Despite recent gains, the burden of malaria caused by P. falciparum (Pf) in sub-Saharan Africa remains unacceptably high. Vaccines offer the greatest potential to produce sustained protection against malaria, but the only licensed vaccine for malaria is short lived and only modestly effective. Decades of research have been unable to produce a feasible vaccine which approaches the efficacy of naturally acquired immunity (NAI), which provides nearly complete protection against symptomatic disease in adults in many endemic areas. NAI to malaria is complex slow to develop. Antibodies are key effectors of NAI, and eventually overcome the high degree of genetic diversity evolved by Pf antigens important in host-parasite interactions. This diversity may underlie the slow development of NAI and relative inefficacy of current vaccines. While it is loosely understood that increasing cumulative exposure to Pf leads to greater immunity, fundamental questions remain unanswered.
The aims of this project are (1) to determine the effect of the number, timing, and genetic composition of blood stage Pf infections on NAI in childhood; and (2) to determine the effect of the number, timing, and genetic composition of exposure to Pf in childhood on the antibody repertoire, and how antibody responses relate to immunity. We are in a unique position to achieve these aims by leveraging an extensive set of existing samples and data from multiple intensively followed early childhood cohorts in Uganda along with a team of experienced collaborators with expertise in malaria epidemiology, statistics, genomics, and immunology.
In Aim 1, we will initially perform whole genome sequencing on a subset of Pf infections in our cohorts to systematically identify antigenic variants under potential selection. These antigens, along with others identified from existing data, will be deep sequenced from all infected time points using highly multiplexed deep sequencing. We will quantify anti-parasite and anti-disease immunity using detailed clinical data, and combine these data to test 3 fundamental hypotheses regarding the relationship between exposure and immunity.

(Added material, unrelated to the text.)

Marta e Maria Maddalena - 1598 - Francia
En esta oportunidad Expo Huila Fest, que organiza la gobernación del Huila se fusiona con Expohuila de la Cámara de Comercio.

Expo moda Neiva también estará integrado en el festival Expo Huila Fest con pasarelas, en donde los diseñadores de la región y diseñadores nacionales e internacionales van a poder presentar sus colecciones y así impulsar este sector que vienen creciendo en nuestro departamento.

In Aim 2, we will longitudinally evaluate antibody responses to Pf in our cohorts using ultra-high throughput long peptide arrays, targeting the entire genome including all identified antigenic variants. We will identify sequences of key antigens from these experiments and from Aim 1, and further evaluate antibody responses using custom protein arrays with experimental validation using functional assays. Using these data, we will test an additional 3 hypotheses. At the conclusion of this project, we will have identified fundamental factors driving the development of NAI, including the role of strain-specific vs. transcendent immunity and the identification of antigenic variants most associated with immunity and thus most appropriate for inclusion in a malaria vaccine.

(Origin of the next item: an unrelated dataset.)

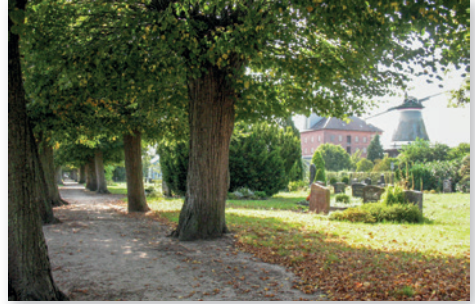
Friedliche Stimmung zwischen Linden und Mühle

Treffpunkt ist 14.30 Uhr an der Kapelle auf dem Friedhof.
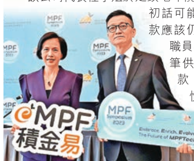
積金易平台已正式投入運作。

Vaccines offer the greatest potential tool to provide protection against malaria and to maintain gains in malaria control and ultimately move to elimination. However, a lack of understanding of how immunity naturally develops in children living in high burden areas has severely limited our ability to develop an effective malaria vaccine. The central theme of this proposal will be to improve our understanding of factors driving the development of naturally acquired immunity in Ugandan children by studying infecting parasites and the host response in detail as immunity develops.